Zabaglione

By Dino Joannides From the book Semplice
Zabaglione

I adore this dessert and wish it would feature more on Italian restaurant menus all over the world. In the past, it was often made to order at the tableside in restaurants, providing a little theatre whilst you waited for it to be prepared. Now, unfortunately, you are more likely to be offered pre-made tiramisu.

I always have the ingredients necessary to whip up this dessert at home. It is basically egg yolks beaten with caster sugar and a sweet wine. In the south Marsala tends to be used, whilst in Piedmont, from where it originated, Moscato d'Asti or other sweet white wine is more common. Like the choice of alcohol, the name also varies - 'zabaione' in the north, and 'zabaglione' in the south.

For how many? Serves 4

Ingredients

  • 4 egg yolks
  • 4 tbsp caster sugar
  • 4 broken eggshell measures of dry Marsala or Moscato d'Asti wine

Instructions

Put the egg yolks and sugar in a glass bowl and whisk in one direction until a paste forms. Add half the wine and whisk again until you have a smooth, thick custard with just a few bubbles.

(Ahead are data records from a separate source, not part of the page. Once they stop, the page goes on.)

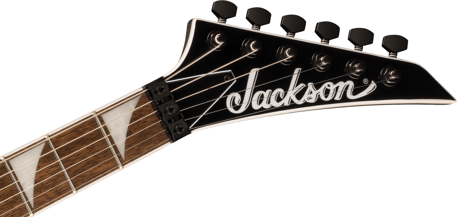 A sleekly contoured basswood body and pure Jackson neck-through-body construction ensure ergonomic comfort during long sets, along with monstrous sustain and smooth playing all the way up to the 24th jumbo fret. Graphite-reinforcement rods run through the maple neck, protecting it against environmental depredations, while the ultra-fast 12"-16" compound radius bound laurel fingerboard is built from the get-go for easy chording and riffing near the nut and rapid, fret-out-free leads as you move up the neck.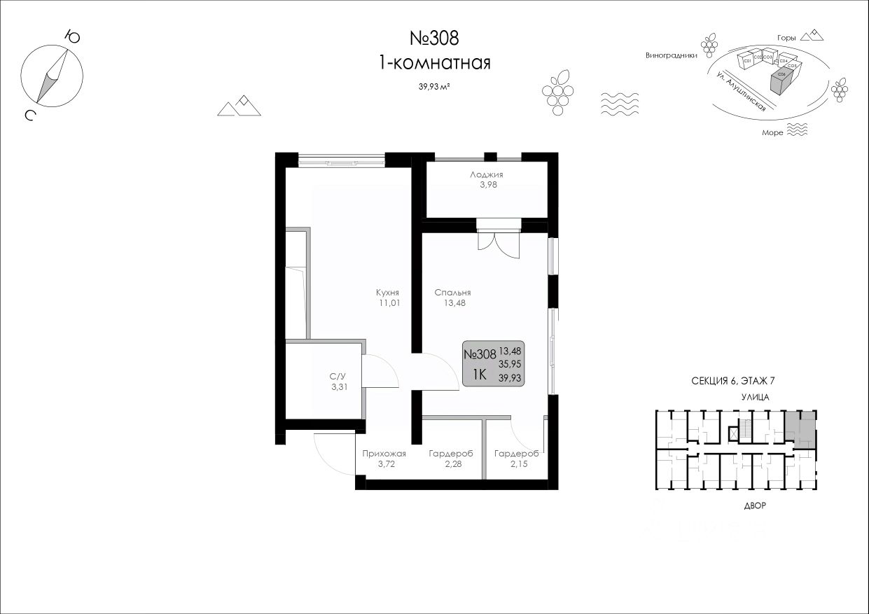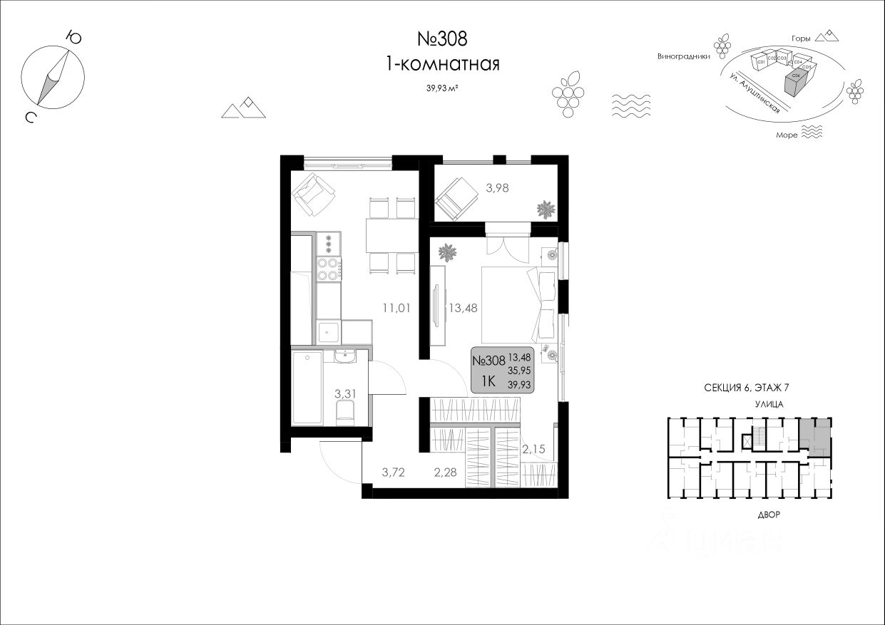 Продается квартира общей площадью 39,93 м2 в комплексе бизнес-класса "Долина Роз" в г. Судак. Квартира N 1/6-308 Видовые характеристики: 2 стороны Этаж: 7 Высота потолков: 3м. Особенности: угловая квартира с арочными окнами. Варианты приобретения: — 100% оплата — Беспроцентная рассрочка — Переуступка Преимущества комплекса: — Панорамные виды на побережье, горы и виноградники; — 10 минутах от природных и исторических достопримечательностей; Более 40 видов планировочных решений: — Нет квартир-студий; — Квартиры с собственным патио; — Квартиры с лоджией из кухни-гостиной или из спальни; — Пентхаусы с террасами; — Двухуровневые квартиры с террасами; — Квартиры с арочными окнами; — Квартиры с окном в ванной; — Квартиры с высотой потолка до 3.7м; — ФЗ-214. Инфраструктура: — Открытый бассейн с зонами отдыха и шезлонгами; — Собственная традиционно оборудованная баня; — Многофункциональная спортивная площадка и уличный workout; — Велосипедная дорожка по всему периметру жилого комплекса; — Детские площадки с безопасным покрытием; — Прогулочные аллеи с местами для отдыха; — Торговый центр; — Коммерческие помещения; — Келлеры для хранения вещей — Большая открытая парковка; — Закрытая охраняемая территория. SERVICE Аll inclusive от собственной сервисной компании: трансфер до комплекса, подготовка квартир к вашему приезду, аниматоры на детский праздник, клининг-сервис, экскурсии и трансфер по Крыму, прокат спортивного инвентаря и яхт. Предоставление услуг под любой из ваших запросов! Комплекс реализуется по 214-ФЗ. Для записи на просмотр звоните в отдел продаж!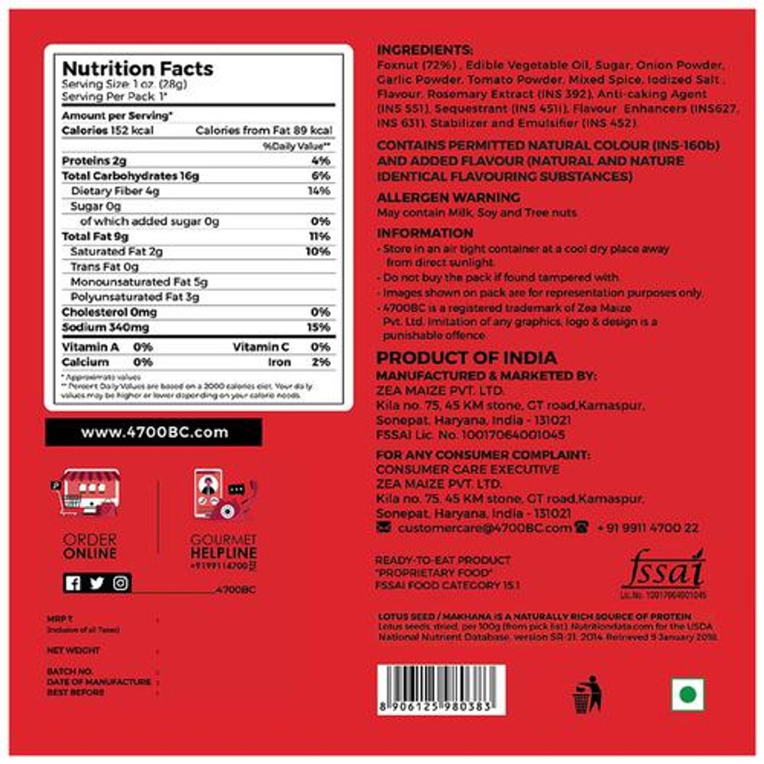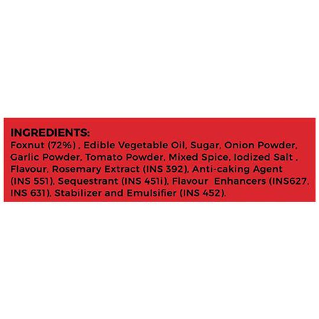 Foxnut (72%), Edible Vegatable Oil, Sugar, Onion, Garlic, Tomato, Edible Common Salt, Flavor Food Colour (E160B), Anti-oxidant (E319), Mixed Spices, Acidity Regulator (E330, E331), Anti-foaming agent (E900), Anti-caking agent (INS 551), Sequestrant [INS 451 (I)], Flavour Enhancers (INS 627, INS 631), Stabilizers and Emulsifiers (E452)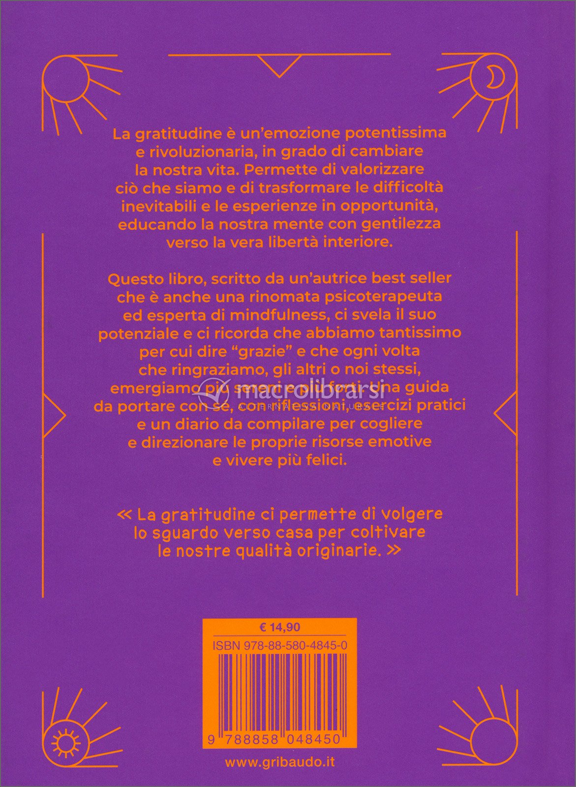 Questo libro, scritto da un’autrice che è anche una rinomata psicoterapeuta ed esperta di mindfulness, ci svela il suo potenziale e ci ricorda che abbiamo tantissimo per cui dire “grazie” e che ogni volta che ringraziamo, gli altri o noi stessi, emergiamo più sereni e più forti.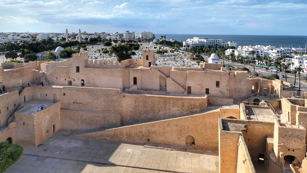 Blick von Wehrturm des Ribat von Monastir in nordwestliche Richtung auf den Sidi El Mezri Friedhof und die Corniche ...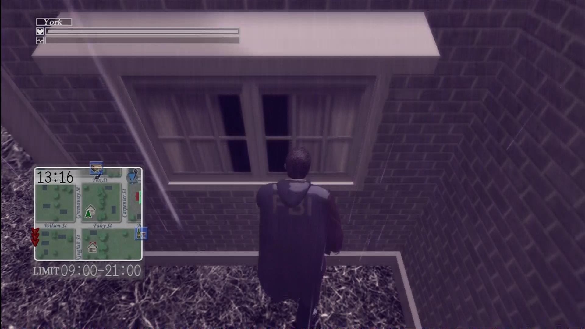 When all is as right as things can get in Greenvale, York is free to either continue with his investigation or explore. The city is not as densely populated as those in Shenmue or The Elder Scrolls games, but like these games NPCs have their own routines and there are an abundance of sidequests to take on. As one might expect, completing many of these sidequests will reap rewards that will make the game much easier and less infuriating in some cases. For example, the “Passion Red” suit increases York’s maximum health, the radio allows the player to teleport to previously visited locations rather than driving across the map and the “Weather Doll” can regenerate York’s health and pulse rate. Sidequests can range from Sokoban, darts and fishing minigames to time trial races and hunting down missing bones. 65 trading cards are also hidden throughout the game, each of which divulge details of the characters or items they depict.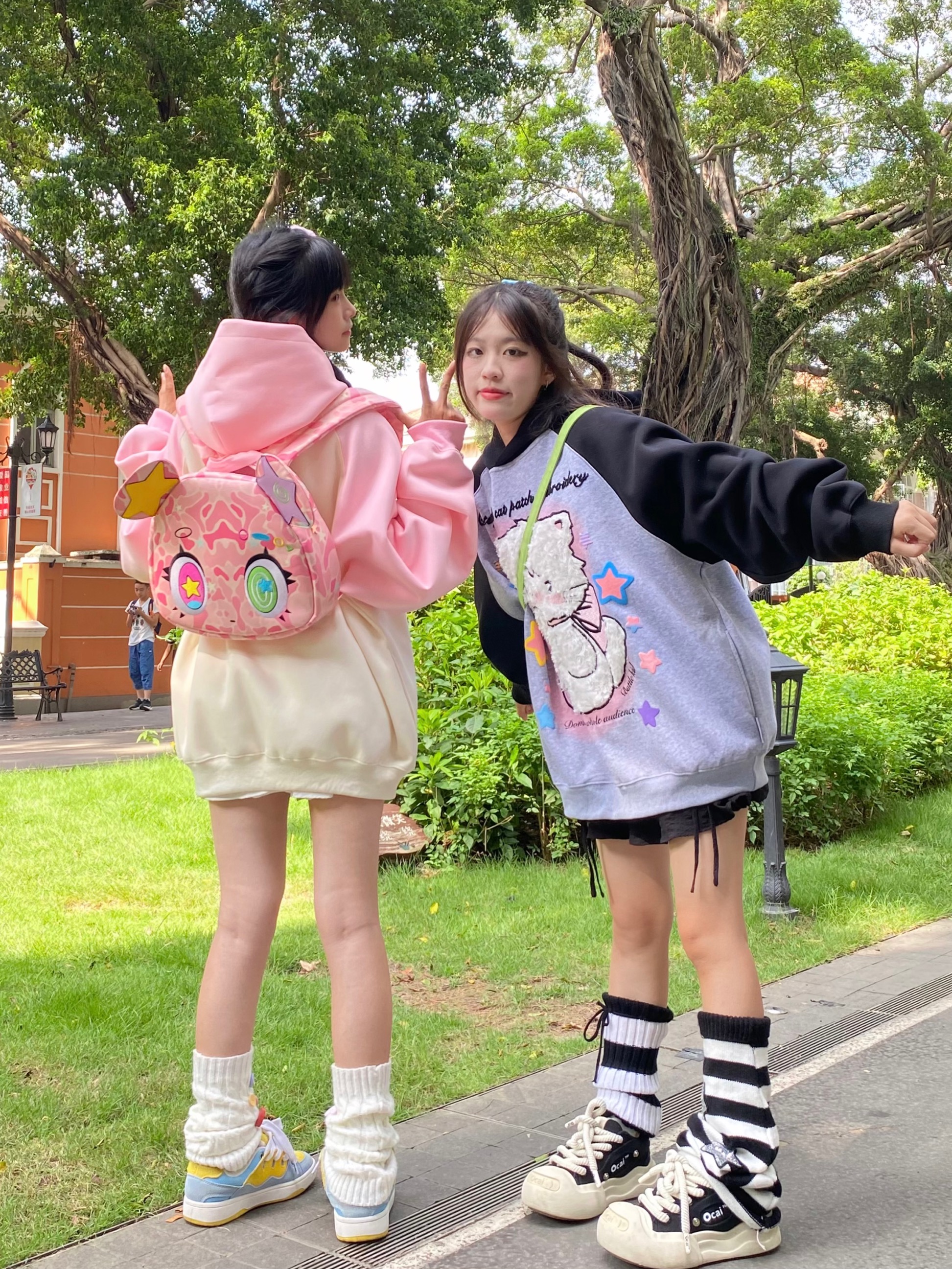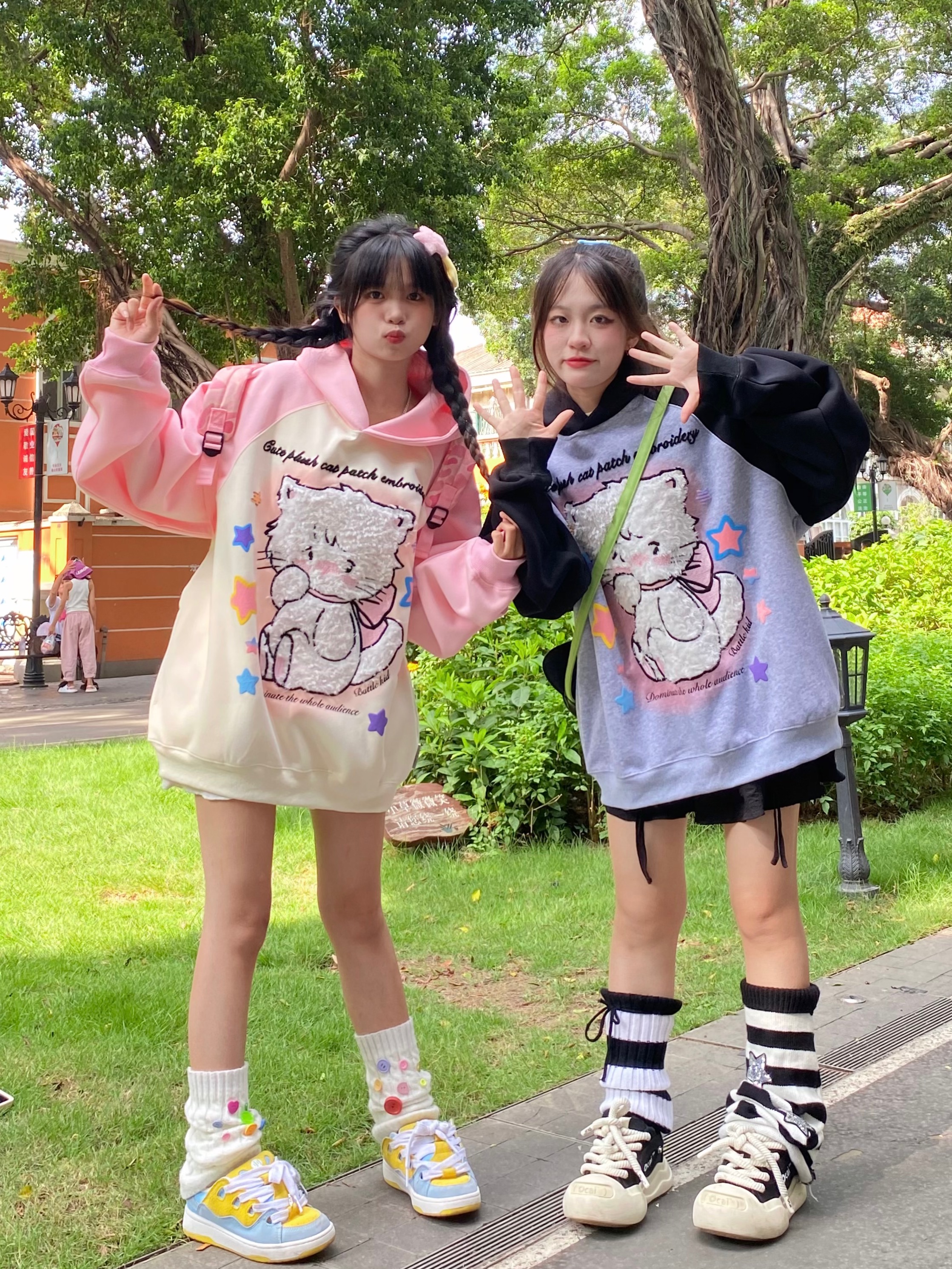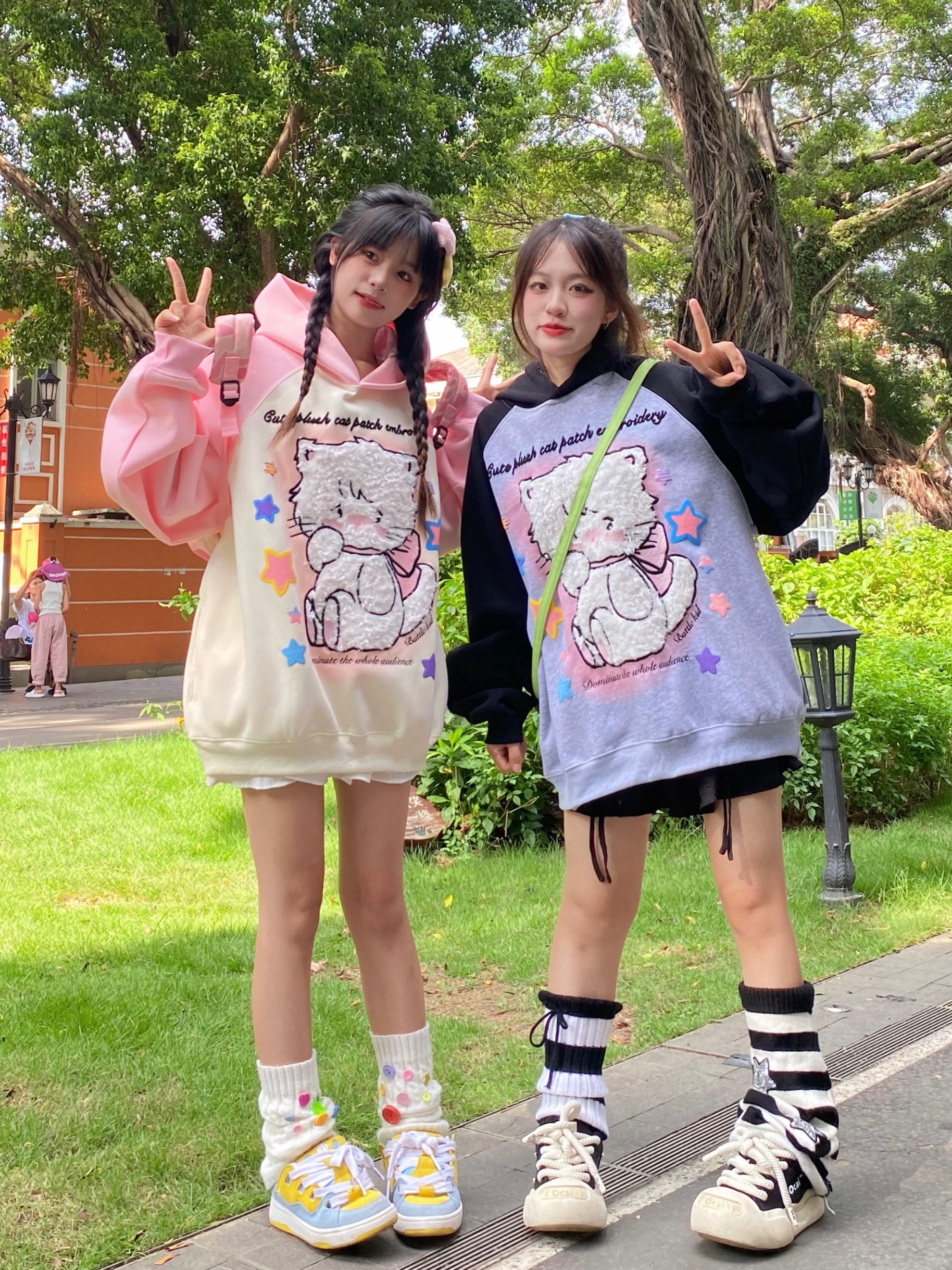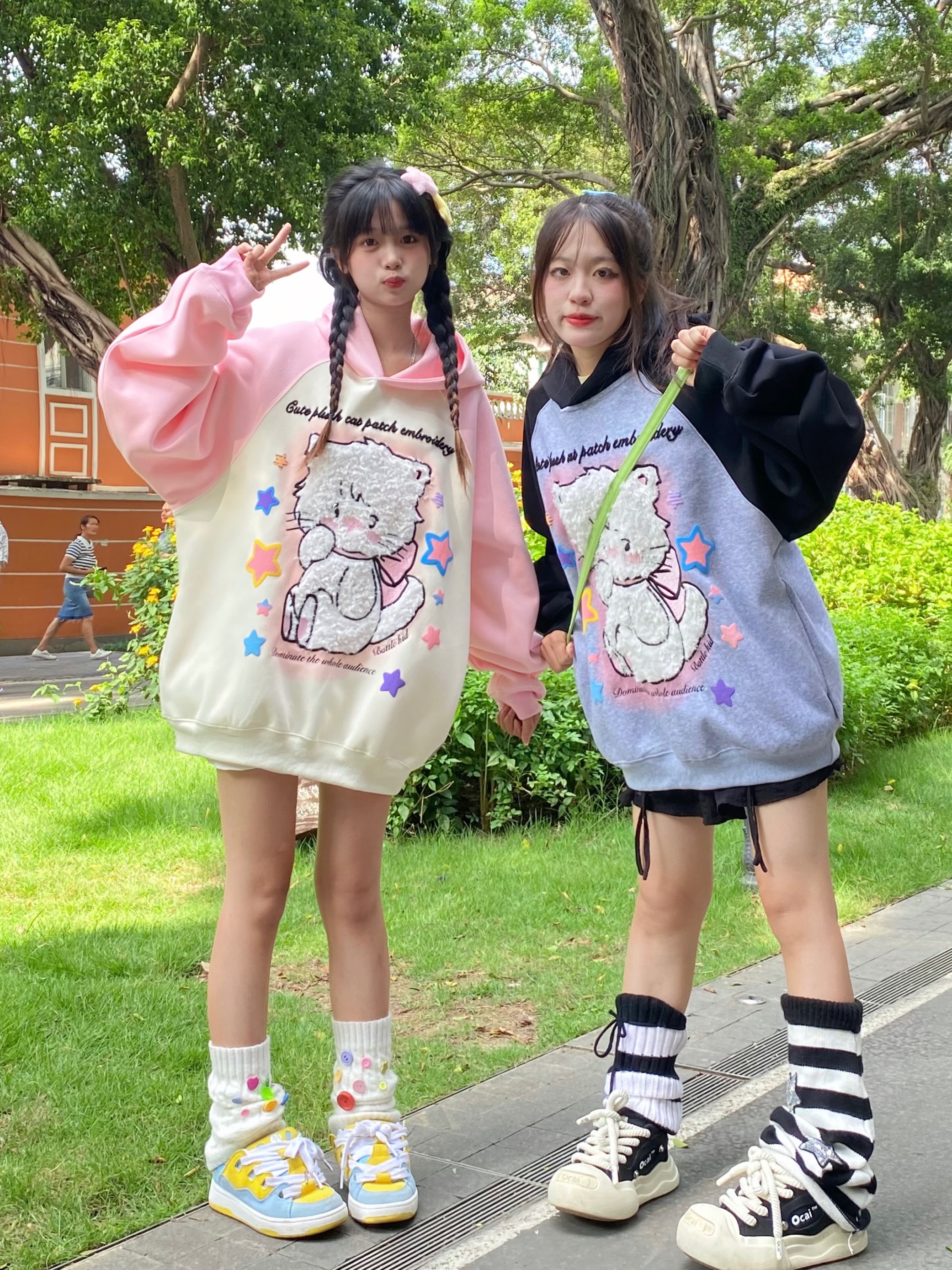 crazkilo-可愛甜美毛絨布貼刺繡貓咪卡通連帽運動衫情侶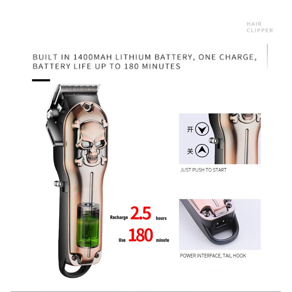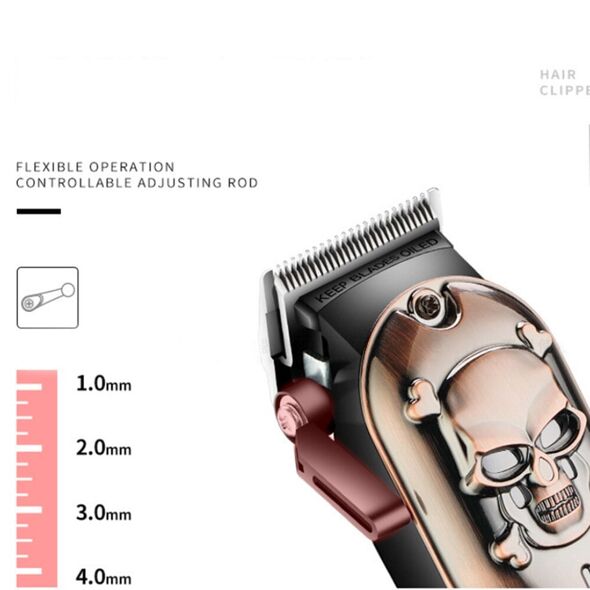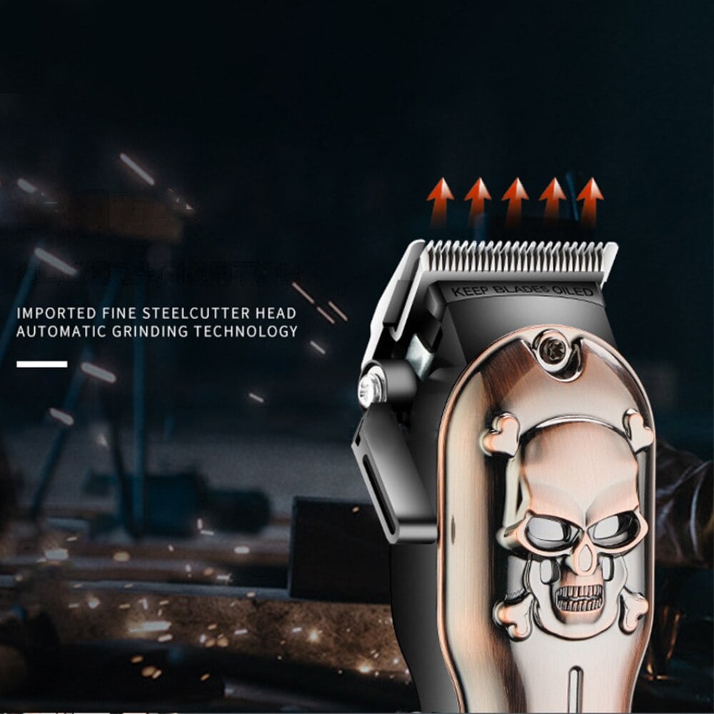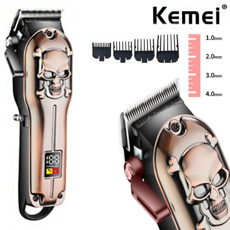 Αδιάβροχη Επαγγελματική Επαναφορτιζόμενη Κουρευτική & Ξυριστική Μηχανή - Trimmer KEMEI με Μπαταρία - Σχέδιο Skull / Νεκροκεφαλή

Place the bow over a pan of simmering water (the water must not actually touch the bowl) and carry on whisking while gradually adding the remaining wine. This can take 10 minutes or more, depending on how vigorously you whisk. The idea is to thicken the mixture with air and to warm it, so you might have to take the bowl off the heat every now and then to avoid cooking it through. The result should be a silky cream that is almost as thick as mayonnaise. The test for readyiness is that a Savoiardi biscuit will stand upright in the zabaglione once it has been poured into a glass.